_INSTRUCTIONS FOR THE TASK_
Beneath this line sits some data. Return only its lines from the one holding "6-32 THREADED STEEL INSERT" through the one holding "146MT579 Knob-Wall Switch FF Series - Black", inclusive, exactly, with the images removed.
──────── SOURCE DATA ────────
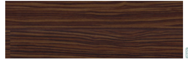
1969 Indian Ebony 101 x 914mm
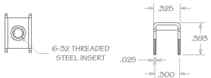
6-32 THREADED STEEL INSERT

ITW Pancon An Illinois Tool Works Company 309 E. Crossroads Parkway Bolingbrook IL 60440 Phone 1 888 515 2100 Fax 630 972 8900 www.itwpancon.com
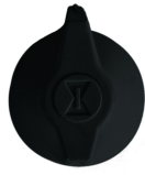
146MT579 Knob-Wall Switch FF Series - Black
────────
──────── SOURCE DATA ────────
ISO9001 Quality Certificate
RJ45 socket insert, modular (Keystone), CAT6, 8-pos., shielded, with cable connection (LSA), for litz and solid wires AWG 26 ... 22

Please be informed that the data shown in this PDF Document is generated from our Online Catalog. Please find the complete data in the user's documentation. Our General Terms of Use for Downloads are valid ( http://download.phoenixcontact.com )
────────
_SOLUTION_
6-32 THREADED STEEL INSERT

ITW Pancon An Illinois Tool Works Company 309 E. Crossroads Parkway Bolingbrook IL 60440 Phone 1 888 515 2100 Fax 630 972 8900 www.itwpancon.com
146MT579 Knob-Wall Switch FF Series - Black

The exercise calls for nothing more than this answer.